Le Comité de la sécurité maritime de l'OMI, qui s’est tenu du 4 au 11 novembre, a approuvé une procédure visant à dresser la liste de tous les ports où les changements d'équipage sont possibles. Une petite avancée qui offrira plus de visibilité et de transparence sur les infrastructures et protocoles réellement mis en œuvre par les États du pavillon.
La 102e session du Comité de la sécurité maritime (MSC 102) de l’OMI a approuvé quelques mesures censées faire avancer l’imbroglio des changements d'équipage dont les entraves sont lourdes de conséquences pour la sécurité maritime. Parmi les résultats de la réunion virtuelle qui s’est tenue a semaine dernière, les délégués du Comité se sont mis d’accord sur l’établissement d’une base de données mondiale des ports dits « ouverts ». Elle obligera ainsi les États membres à déclarer auprès de l’OMI l’ensemble des mesures prises pour organiser les mouvements d’équipage en toute sécurité et pour les marins et pour les populations locales : structures d’hébergement, couloirs de transit sécurités, protocoles en cas d’urgence sanitaire, lignes aériennes ouvertes, etc…
À l'heure actuelle, toutes les données fiables sur ces protocoles sont assez limitées, de sorte que les compagnies maritimes sont obligées d'utiliser le tracker Inchcape pour identifier les ports ouverts lors du rapatriement de leurs membres d'équipage. Ce service dispose de données sur une petite trentaine de pays.
La liste de l’OMI devrait être disponible d’ici la fin de l’année. Les informations seront actualisées et disponibles sur un nouveau module du Système mondial intégré d'information sur les transports maritimes de l'OMI. Il est ailleurs question d’un « logo universel » (sans texte) qui identifiera les marins. Ils auraient ainsi accès aux ressources et aux processus dédiés, à bord des navires, dans les ports et en transit à destination/en provenance des navires.
Casse-tête onéreux
C’est une avancée pour les marins entravés dans l’exercice de leurs missions par les mesures réglementaires prises par les États de par le monde pour éviter la propagation du virus : fermeture des frontières, restriction des déplacements, réduction du trafic aérien…Les gens de mer se retrouvent aujourd’hui soit dans l’impossibilité de débarquer après une mission qui a déjà largement débordé du temps de travail légal, soit moins de 12 mois (certains sont en mer depuis plus de 18 mois), soit d’embarquer, avec les conséquences sociales que cela suppose (les marins philippins sans rémunérations).
La problématique est devenue un véritable casse-tête de gestion qui mobilise la plupart des grandes organisations internationales d’armateurs de tous les segments. Au-delà, le problème relève d’une situation quasiment humanitaire (pression psychologique, mutinerie, tentatives de suicides) aux conséquences multiples en termes économiques pour les compagnies (hébergement, restauration des marins en transit ayant à respecter des quatorzaines…) et techniques (défaillances, maintenance, etc.).
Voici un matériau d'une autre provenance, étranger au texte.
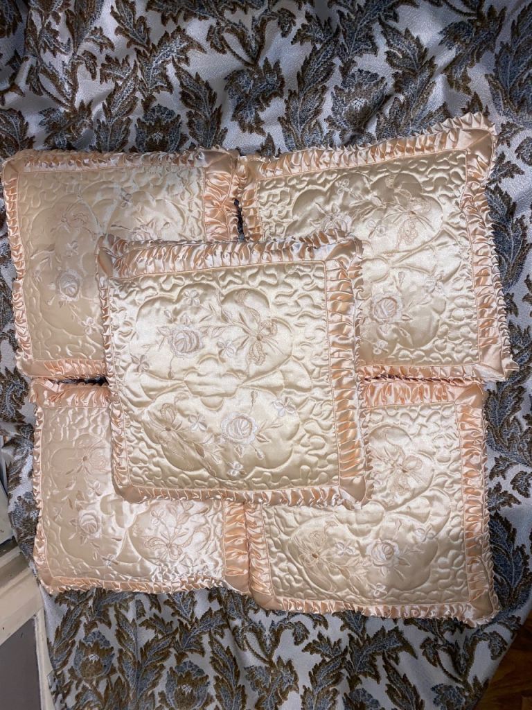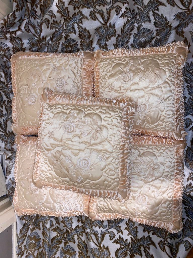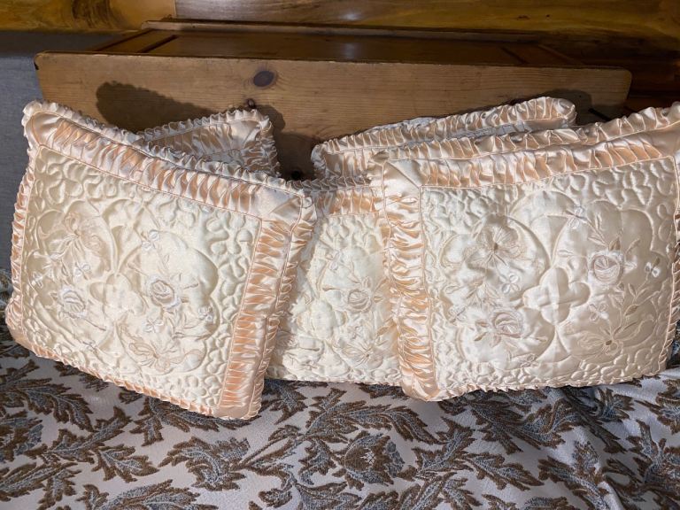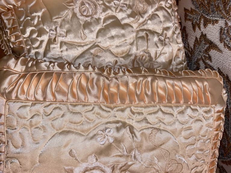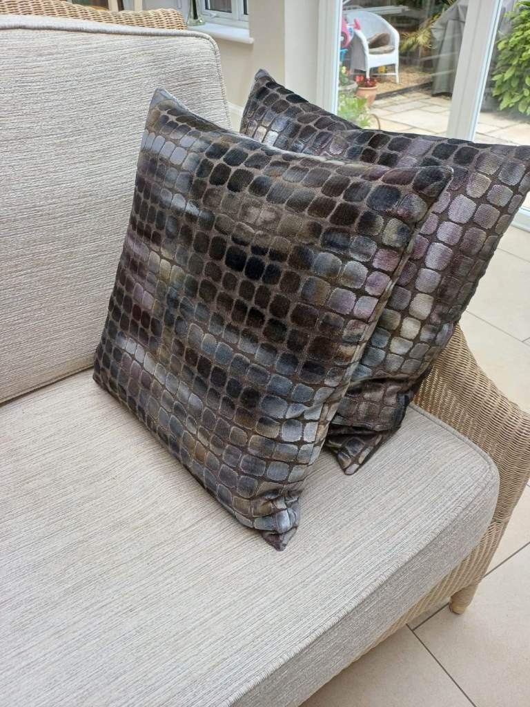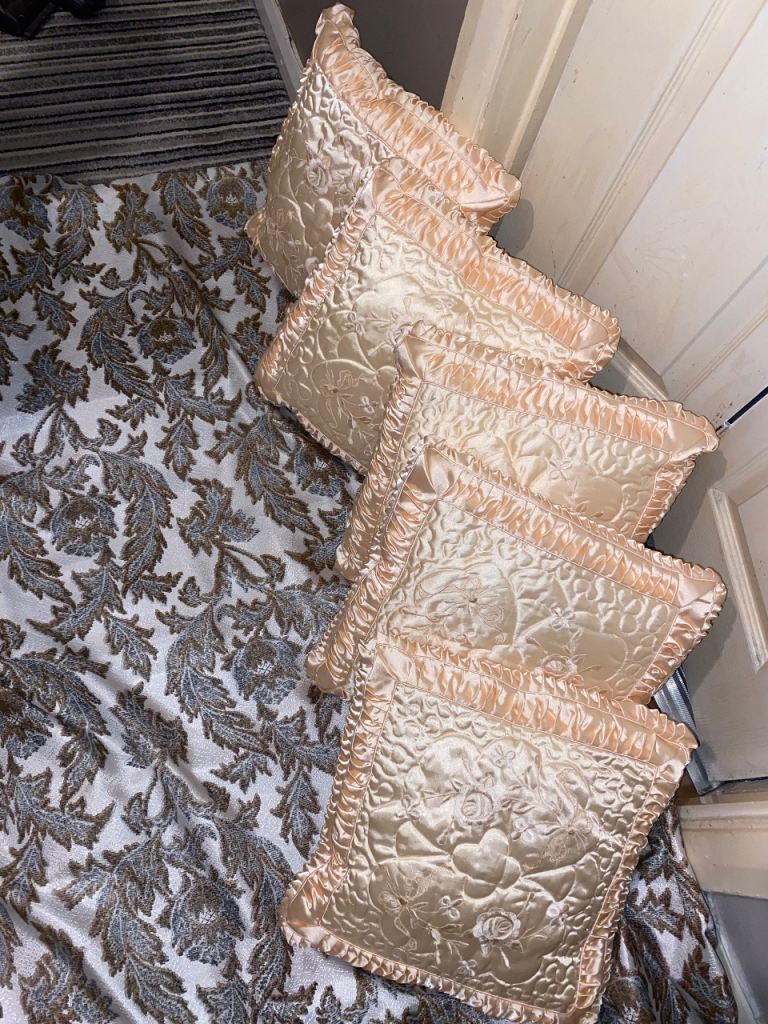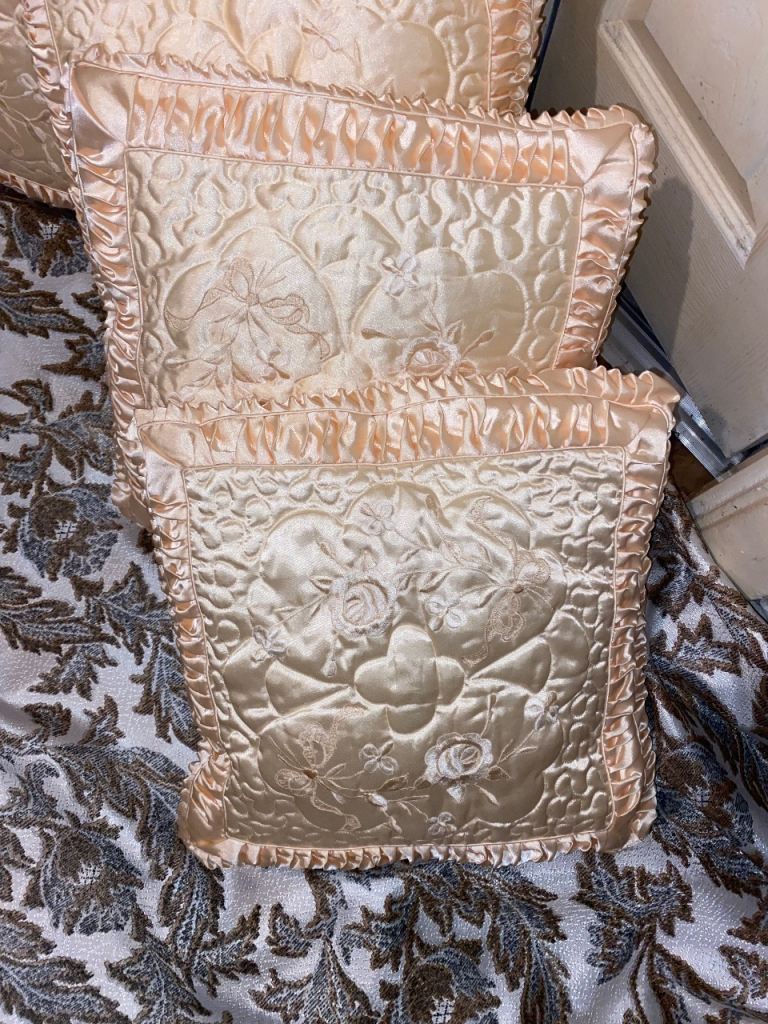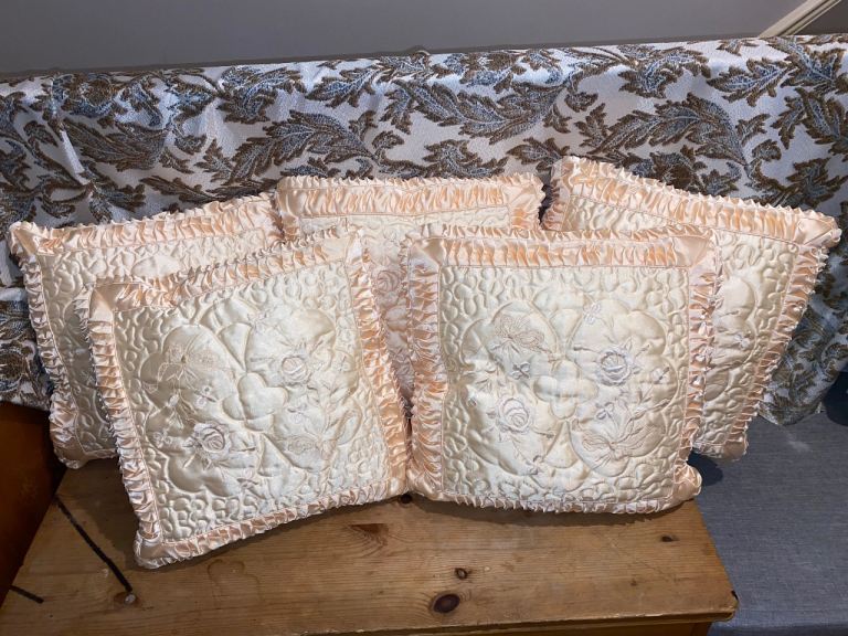 Beautiful embroidery/ frilled edge cushions in perfect brand new condition.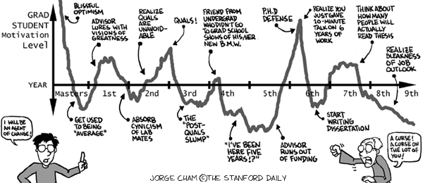 Grad school is a huge undertaking. Just think about committing several years, the better part of a decade, to concentrating on a specific field and delving deeper and deeper into it. People say that you will learn whether or not you like research, whether or not you are willing to commit your career to it. People say that you will learn about yourself, how you handle pressure and deadlines and failure and the constant grind of working in a lab. Depending on who you talk to, you may get a positive or negative view of graduate school. There are popular comics about the trials of grad school life: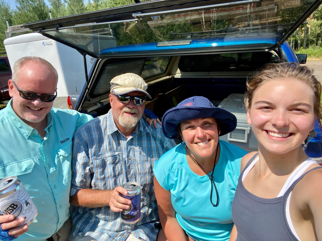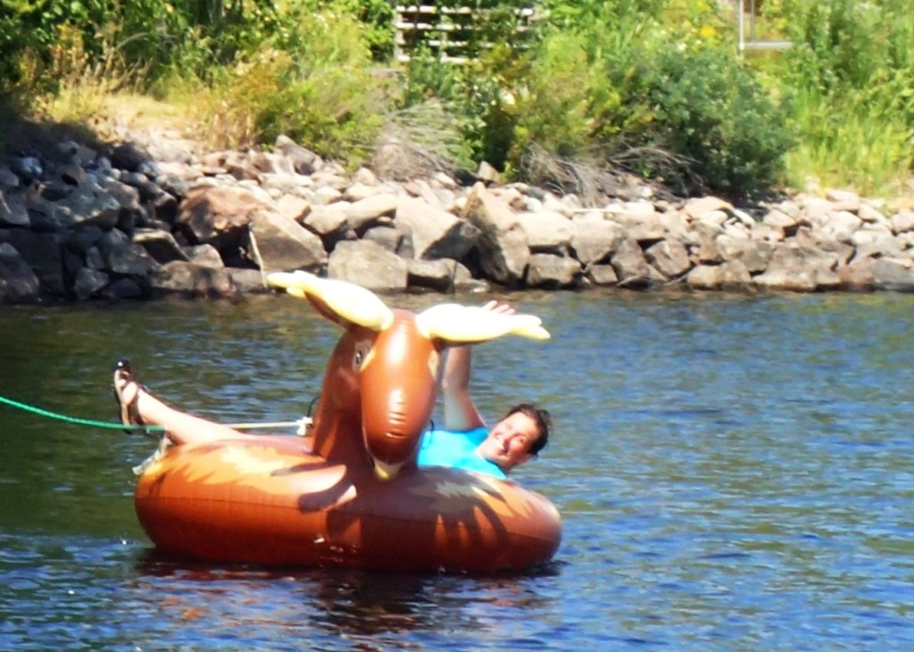 After 5 hours of paddling, we arrived at the landing, loaded the truck and put the canoes on the roof. Tim and I cooled off with the last of his MSB Beers while Kara went for a swim and had a chance to ride a moose!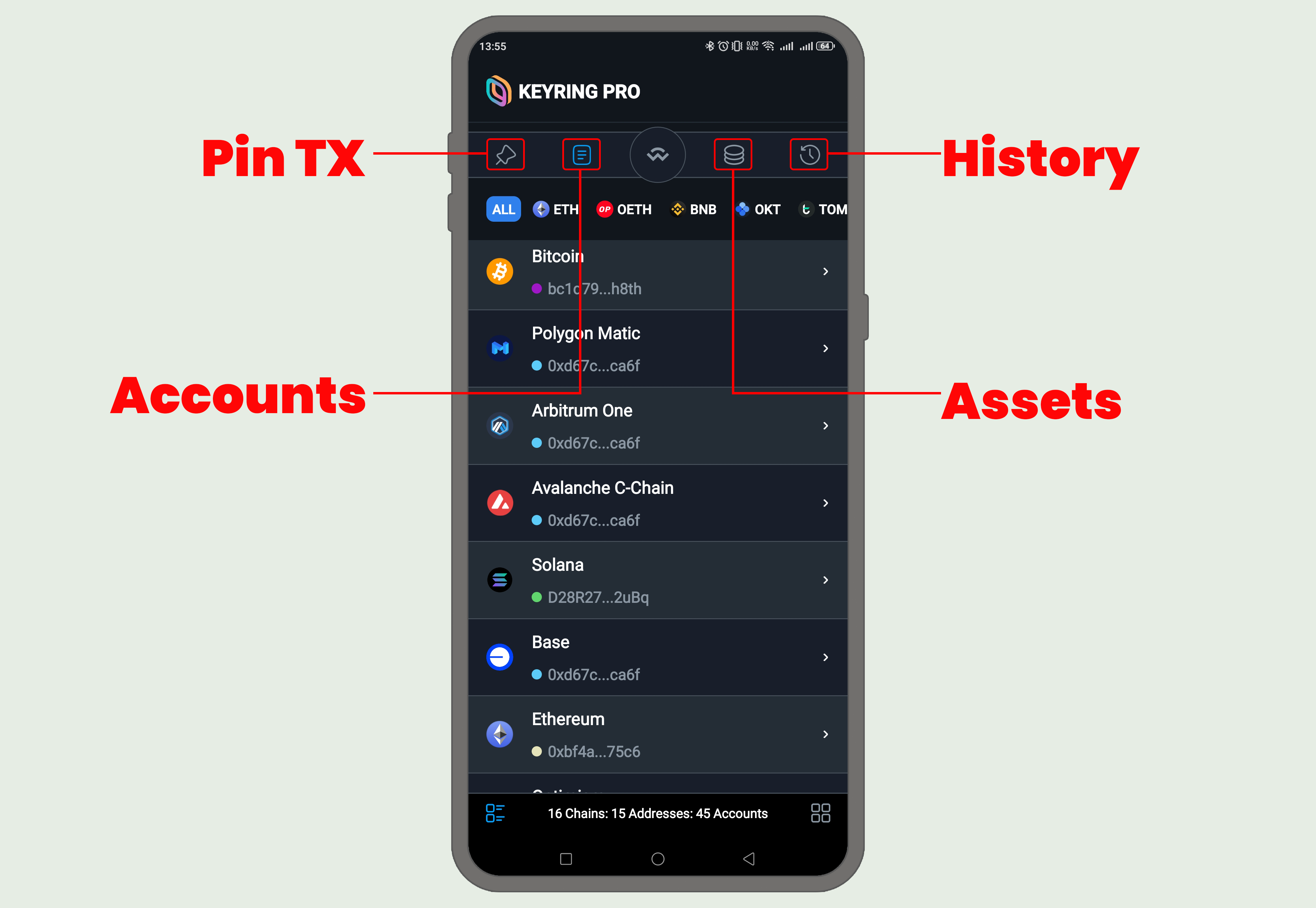 ユーザーがより簡単に操作できるように、KEYRING PROウォレットは基本的なガイドを提供しています。画面右上の検索アイコンをタップすると、アプリの最も一般的かつ重要な操作に関するガイドが見つかります。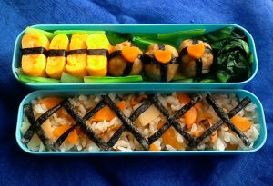 1、米2合と白ごはん2合を炊く時の水加減をして、炊き込みごはんの素と3mm幅の細切りにした人参を加えて炊き、蒸らしてお弁当箱に詰める。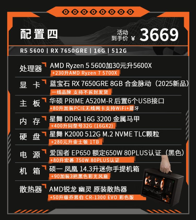 AMD R5 5600/RX7650GRE/6500XT Mini Host ITX Complete Portable DIY Computer Assembly Machine Desktop Mini Office Desktop AI PC Computer Configuration 2 | R5 5600/RX6500XT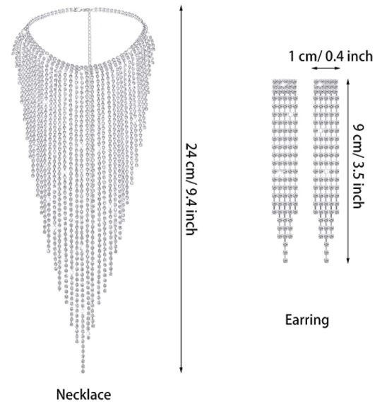 - Silver tassel necklace and earrings size: the total length of the girl tassel necklace is 66 cm/ 26 inch, the longest tassel is 24 cm/ 9.4 inch; Hanging tassel earrings is 9 cm/ 3.5 inch in length and 1 cm/ 0.4 inch in width.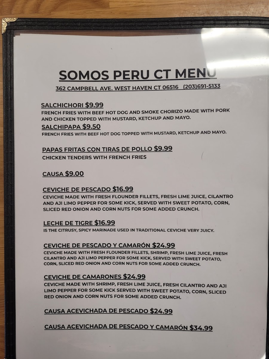 Ceviche made with fresh flounder fillets and shrimp, lime juice, cilantro, red onion, and aji limo pepper for some kick.

D’autant que certains États du pavillon, dans cette seconde vague, exigent désormais des visas administratifs en sus du visa sanitaire.
Aberrations
Annick Girardin, lors de son passage le 13 novembre au guichet unique du Rif à Marseille, où une cellule de crise dédiée a été installée pour gérer la problématique des marins français, expliquait par exemple que les mégamax de CMA CGM qui sortent des cales des chantiers chinois pouvaient potentiellement être livrés sans équipage. Pékin a édicté des règles qui ne permettent pas aux officiers français et aux marins philippins d’entrer sur le territoire chinois.
Lors de la Journée mondiale de la mer le 24 septembre, la France avait proposé un amendement à la convention du travail maritime (CTM) auprès de l’Organisation internationale du travail (OIT) qui obligerait les États du pavillon à déclarer auprès du Bureau international du travail tout dépassement du temps d’embarquement maximum légal. Hors cas de force majeure qui seraient, selon Annick Girardin, porte-voix du gouvernement français, limités « à l’absence de vols commerciaux et à la fermeture des frontières ». Cette mesure pourrait être discutée en avril 2021 à Genève dans le cadre de la conférence tripartite de l’OIT.